Schulz was equipped with other pieces of hysteria, among them: "We have an emerging police state. . . . Our Republic cannot and will not long survive. . . . This nation is headed toward a vortex of a constitutional crisis."
In Schulz's view, Obama must "act honorably and relieve the nation of this escalating constitutional crisis." And if not, Schulz will call his own constitutional convention. "The people must act as the final arbiters of the Constitution," he said.
Hear that, Mr. Chief Justice?
Back here on planet Earth, the Obama birth conspiracy is not quite as dramatic as Schulz and Berg view it. FactCheck.org, for example, examined the original birth certificate and found that "it meets all of the requirements from the State Department for proving U.S. citizenship" and that "Obama was born in the U.S.A. just as he has always said."

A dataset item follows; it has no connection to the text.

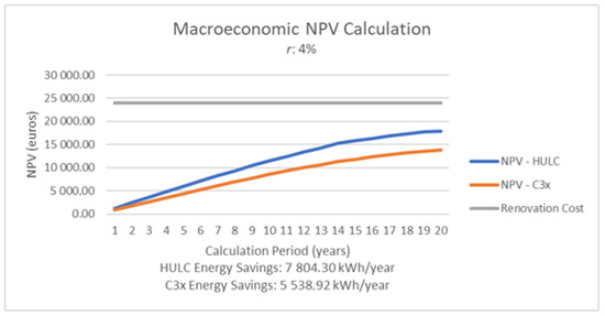 This research demonstrates the validity of the NPV calculation as a measure to evaluate the economic viability of an intervention, but these data must be supported by robust results from the evaluation of the building energy performance. In addition, the savings obtained should come from other types of construction improvements that are not penalized for their CO emissions.

Another such group, PolitiFact.com, concluded that "It is possible that Obama conspired his way to the precipice of the world's biggest job, involving a vast network of people and government agencies over decades of lies. Anything's possible. But step back and look at the overwhelming evidence to the contrary and your sense of what's reasonable has to take over."
Then there's the birth announcement in the Honolulu Advertiser on Aug. 13, 1961. "Of course, it's distantly possible that Obama's grandparents may have planted the announcement just in case their grandson needed to prove his U.S. citizenship in order to run for president someday," FactCheck.org judged. "We suggest that those who choose to go down that path should first equip themselves with a high-quality tinfoil hat."
Berg and Schulz did not have the recommended headgear yesterday, but they had no shortage of accusations. They blamed the "disgrace" of the news media -- even Fox News! -- for covering up the birth scandal. They called Obama an "impostor" and a "poseur."
To further make the case about Obama's Americanness, they then called up Orly Taitz, a product of the former Soviet Union, to deliver the message in thickly accented English that the American news media are "aiding and abetting Mr. Obama in defrauding 300 million American citizens."
So the media should report that Obama is a citizen of Britain, Indonesia and the United States -- a triple national? "Quadruple!" Taitz called out.
The trio then went silent while a fourth participant, a minister, delivered a prayer that justice would be done to the usurper. The pastor then advised his fellow African Americans not to be fooled into thinking "that which has come from the womb of this white woman is now your redeemer."
The news conference by now had gone on for 90 minutes and had covered all the darkest areas of Obama conspiracy, including a call to withstand the race riots that would inevitably accompany Obama's ineligibility. And in the somewhat likelier event that Obama ignores Schulz and Berg? He would, Schulz's ad argues, "be entitled to no allegiance, obedience or support from the people. The armed forces would be under no legal obligation to remain obedient."
All of which would be a terrible shame. After all, Schulz declared, "I really like the guy." He just has a strange way of showing it.